Little Douglas (previously Horse Peninsula) is a locality in the Australian state of South Australia located on the Eyre Peninsula in the state’s west overlooking the body of water known as Coffin Bay about 293 km west of the state capital of Adelaide and about 42 km south-west of the municipal seat of Cummins.

Its boundaries were created on 16 October 2003 for the "long established name" of Horse Peninsula and which included the former Little Douglas Shack Site. On 15 October 2009, it was renamed as Little Douglas after the former shack site after a request from the District Council of Lower Eyre Peninsula to use "the well established local name of Little Douglas.”

Little Douglas occupies most of the Horse Peninsula, a peninsula which extends in a north-south direction within the Coffin Bay body of water dividing it into halves.

The locality contains a settlement consisting of permanent dwellings located on the south side of a tidal lagoon known as Little Douglas Bay. Its coastline south of Little Douglas Bay includes an unpatrolled swimming beach which is considered by the Surf Life Saving Australia to be ‘least hazardous’.
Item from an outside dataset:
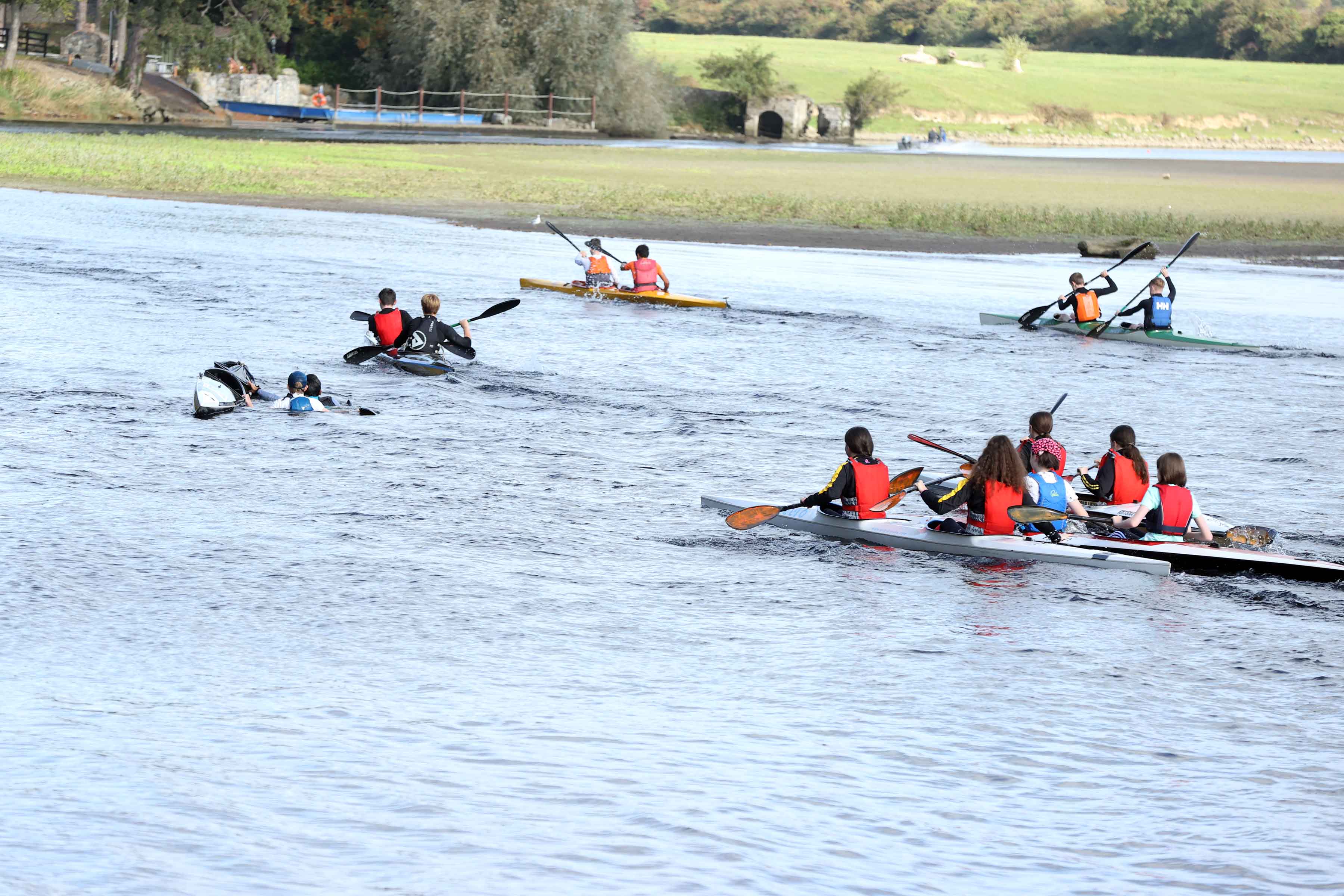Race 3 was the highlight race of the day with more than 20 boats n the start line. There were 2 classes racing. Junior mixed K2 & the novelty but hugely successful mixed ability race. The mixed ability race is aimed at teaming experienced racers with newer paddler to allow for fair racing with unpredictable results. The goal is for the lesser experienced paddlers to gain experience & feel what it is like to be involved in serious group racing under the guidance of an experienced eye. The rule was that the sum of the divisions paddlers usually race in during the Marathon ranking season must add up to 7 or greater. It contained crews made up of International paddlers, some of whom have medal at World Championship level, mixed with junior paddler with very little experience & some as young as 8 years old. The startline was a site to behold as 20+ boats took off together. In the Mixed race Eavan O’Keeffe of Celbridge Paddlers made it 3 podiums & 2 championships out of 3 races while he paired with Eabha Ni Drisceoil of Salmon Leap who was taking her 2nd title. They were followed home by 2 Salmon Leap crews of Kate O’Halloran & Paul Donnellan in 2nd & Ben Smith & Niamh Caffrey in Bronze. The Mixed ability saw a young crew from Salmon Leap of Ben Higgins (Div2) & Sean Smyth (Div7) power home, dominating the field by more than a minute. This is the joy of this race. The winner could not be predicted & this crew just meshed together beautifully. The whole way through the field there was plenty of good racing, lots of lessons learned & most importantly lots of tired but smiling paddlers getting off the water.

Land use within the locality consists of a ‘coastal conservation’ zone occupying most of the Horse Peninsula, an area in its centre zoned for ‘coastal settlement’ which has a desired character which encourages development involving low-rise detached dwellings, and land to the east of the settlement is zoned for ‘aquaculture’ for the provision of “land-based facilities for marine-based aquaculture farms” located within Coffin Bay.

Little Douglas is located within the federal division of Grey, the state electoral district of Flinders and the local government area of the District Council of Lower Eyre Peninsula.